To determine more precisely the sound components, separate diagrams have been produced for the main harmonic frequencies, as shown in
Figure 4,
Figure 5 and
Figure 6.
When analyzing the diagrams in
Figure 4,
Figure 5 and
Figure 6, another observation that may be drawn is that the levels are most varied in the lower frequency range than in medium and higher frequency ranges (
Figure 4 compared to
Figure 5 and
Figure 6).
Levels appear to be more constant in midrange frequencies (
Figure 5), exceeding 55 dBA on a regular basis. Still, considering that the initial field measurements have been conducted with a wet roadway surface, it is possible that a higher range of frequencies (above 2 kHz) of the levels of sound pressure are to be favorized by the humid surface of roads. Finally, sound components recorded for higher frequencies also show an increased variation compared to medium range (
Figure 6 compared to
Figure 5).
To determine changes in sound characteristics when picking up data at a different altitude, another set of field measurements has been conducted using a flat in a nearby building at 30-m high by placing the instrumentation in this location. The results are presented in the following diagrams.
In
Figure 7, recorded higher frequencies experienced a significant decrease, up to 40 dBA, while the peak changed also in frequency, being situated around 1900 Hz. In addition, while the peak level of sound pressure remained around 60 dBA, this was only for a smaller band, from approx. 1 kHz up to 5 kHz, and the rest of the levels experienced a decrease, more obviously in the lower domain.

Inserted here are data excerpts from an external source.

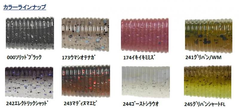 腕が取り付けられているワーム上部は塩無しマテリアル、下部は塩入りマテリアル。上部は腕のアクションを増幅するプリっとしたマテリアル、下部は飛距離や安定した動きを生み出す構造となっています。また上部は塩無しマテリアルなので、フックを刺した時の安定感が良く、不意に針先が出てしまうトラブルを防ぎつつフッキングは抜群です。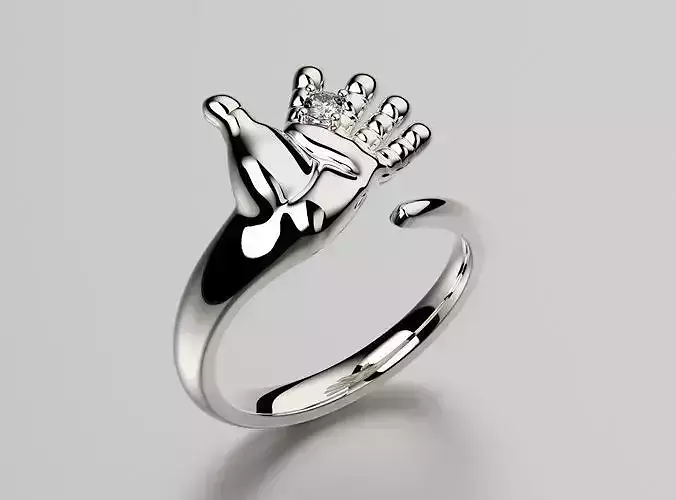 Print Ready 3D Model of hand shaped ring with white or yelow gold.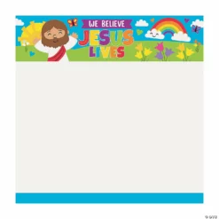Create a memento to remember celebrating the most egg-cellent day of spring! Great for Sunday School classroom décor, this huge poster features a colorful cartoon image with text that reads “We Believe Jesus Lives” and enough room for all the students to autograph their names. This can also be hung at a church egg hunt for all the attendees to sign! Recommended for use with permanent markers to prevent smearing. Plastic. 6 ft. x 6 ft. © OTC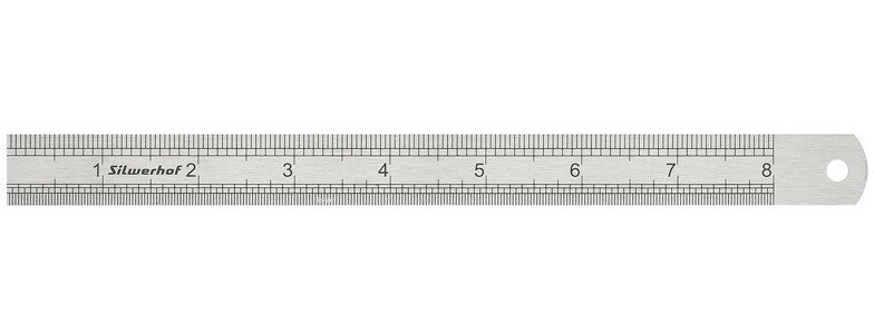 Линейка Silwerhof изготовлена из высококачественной стали. Предназначена для чертёжных и измерительных работ. Линейка обладает четкой разметкой, что делает ее удобной в использовании. Имеет двойную градацию шкалы (сантиметр, дюйм). Есть отверстие для подвешивания на стену. Длина шкалы составляет 20 см. Упаковка - ПВХ чехол с подвесом. Изготовлено в Китае.

One observation that is worth mentioning is that noise levels are more variable when recorded at higher altitude; this is probably because of side activities’ influence (especially in the 50-Hz range,
Figure 8).
This remarque is also available for the other frequencies (medium range and higher range,
Figure 9 and
Figure 10).
From the above presented measurements, it results that it is possible to collect relevant information on traffic-generated noise even from above, meaning that a solution to provide a more detailed imaging on sonic pollution is possible to obtain from an automated UAV flight over selected areas, at specific intervals of time.

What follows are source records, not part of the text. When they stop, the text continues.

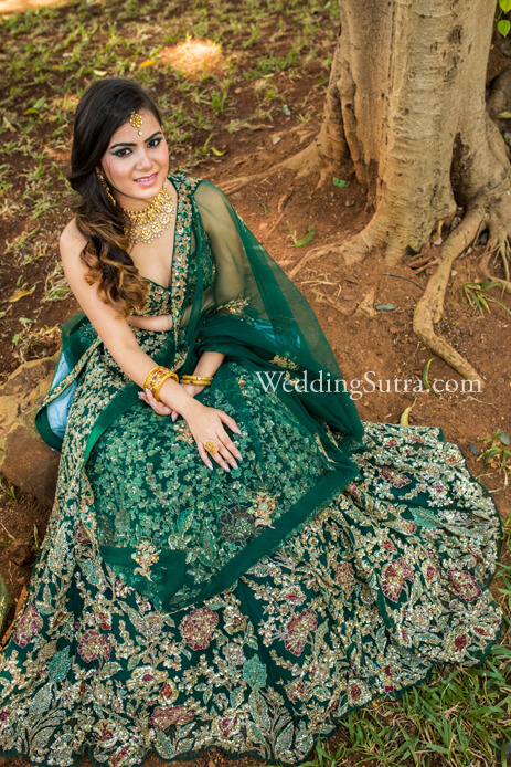 The modern-day princess, Nihali, chose a heavily encrusted emerald lehenga by Shyamal & Bhumika that she beautifully paired up with a gold and polki choker set with suspended pearl detailing, earrings and a maang tikka from Rivaah by Tanishq. Jade Green Eyes was the trend followed for Nihali’s makeup, and she kept her skin fresh with a subtle glow on my face and nude shade on her lips.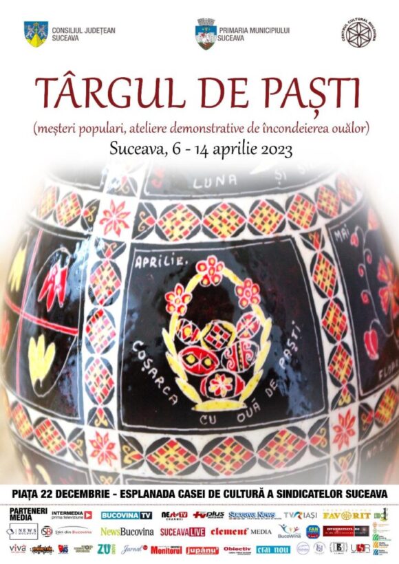 Între 6 și 14 aprilie, pe esplanada Casei de Cultură din Suceava va fi deschis Tîrgul de Paști. Evenimentul este organizat de Consiliul Județean prin Centrul Cultural „Bucovina”. Tîrgul are ca scop promovarea şi valorificarea meşteşugului de încondeiere a ouălor în Bucovina, precum și a altor meșteșuguri din zonă, dar și coordonarea şcolilor de încondeiere din judeţ. Meșterii vor face demonstrații în cadrul unor ateliere.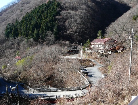 鉱山道路脇を流れる川に架かる画像の橋。 そこを渡ると・・・ って言うか、絶対に許可無く渡ってはいけません!(汗) そこには警備会社の出張所が待ち受けているらしいですから!(笑) でも・・・ その橋の先にあるのは、警備会社だけではありません! この地区で最も有名な木造校舎の小倉沢小中学校の廃校舎が残っているんです。 基本的に、ここの鉱山住宅に住んでいた人達は中学校を卒業すると、殆どの場合は高校に進まず親の背中を見ながら鉱夫を目指します。 って言うか昭和初期、鉱業が栄えていた頃は、稼ぎの良い鉱夫はある種の憧れの的たったようで・・・ 人里はなれた山の中にあろうと、人材まで自給していた???(汗) と言うのは冗談ですけど・・・(謝) その子供達が通った小中学校(共通)が、橋の向こうに残っているんです。 ついでにいえば、教材として使われていたトロッコとかも残っているそうで・・・(涎) ま、その話は置いといて! いつもは川向こうの薮の中に潜んでしまっている小倉沢小中学校。 枯れ枝の隙間から、そのシルエットがちらほらと見え隠れしています。 が・・・ 思った以上に大きいんですよ! そして広大なんです!! しかも、かなりの範囲に渡って講堂(体育館)とか、いろんな建物が建っているんです!(驚) この季節でないと、実感できない大きさを知ったのでした。 ただし、間違っても橋は渡らないように! 確実に不法侵入で捕まりますから!!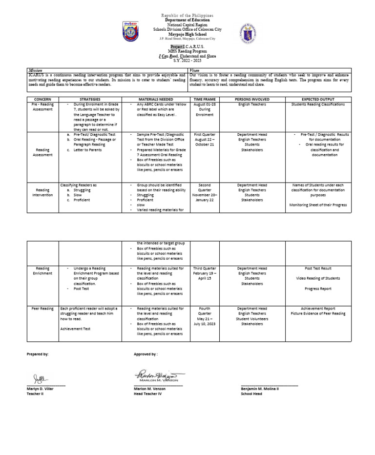 motivating reading experiences to our students. Its mission is to cater to students’ reading fluency, accuracy and comprehension in reading English texts. The program aims for every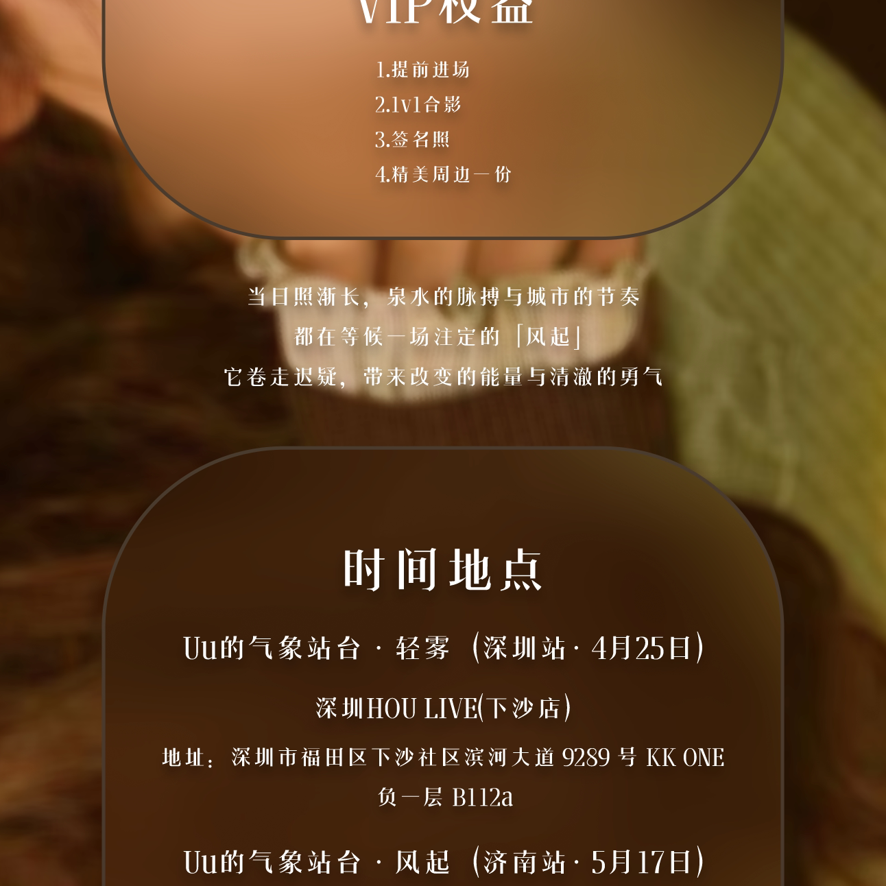 演出名称:【深圳】Uu的气象站台 · 轻雾 2026巡演深圳站【网上订票】演出时间:2026.04.25 周六 19:30

2.4. Information Collection Process
Data collection regarding traffic-generated noise is important in the development of a friendly environment for the inhabitants of a large city. However, it is not economic to install sensors in every important point of a street’s network, and there are involved important costs in such as an investment. Still, it is advisable that the next generation for this activity employ sensors in a future connected vehicles network, installed onboard vehicles, using those as “floating cars”, or moving sensors, in the traffic flow. Until then, though, a simpler solution is proposed in this research—to employ periodic measurements in different locations using a UAV. The vehicle is equipped with a specific configuration of microphones, able to create a very informative sound imaging and overall information regarding the sonic pollution that moving traffic is producing in large urban agglomerations.
The proposed solution estimates traffic noise based on the use of a drone on which a directional microphone array is mounted. To reduce the background noise, and especially the noise produced by the propeller rotations, an adaptive noise cancellation (ANC) filter developed on the FPGA is employed. Two microphones are pointed upwards, collecting noise from UAV rotors, in order to reduce its level. Adaptive filtering is performed with an optimized Least-Mean-Square (LMS) algorithm. The general architecture of the system is presented in
Figure 11, and, in the following subsections, the mathematical concepts and processing modules are described.
2.5. Sound Processing
The directional microphone array is arranged on a Kintex 7 FPGA development board with a square-shaped ultrasound sensor array containing 24 MEMS capsules, spaced at 11 mm.
Figure 12 shows the simulation of the square microphone array together with the beamforming analysis using MUSIC DOA (Multiple Signal Classification & Direction of Arrival) [
38]. DOA indicates the direction from which a propagating wave typically arrives at a point where a set of sensors is placed [
39]. The image on the left of
Figure 12 shows the energy detection of the acoustic signal generated by the drone’s rotors, along with the location position labeling (azimuth and elevation), for the two acoustic frequencies characteristic of drones (white color), represented on the frequency spectrum (bottom right).
The configuration of the acoustic processing system is presented in
Figure 13—the acoustic signal picked up from the microphone sensor array is converted from pulse density modulation (PDM) to pulse code modulation (PCM) for each sensor. The conversion module consists of a suite of digital filters, and, finally, a multiplication block is inserted (as shown in
Figure 14). PDM can be the ideal choice in challenging application environments, thanks to its inherent resilience to noise.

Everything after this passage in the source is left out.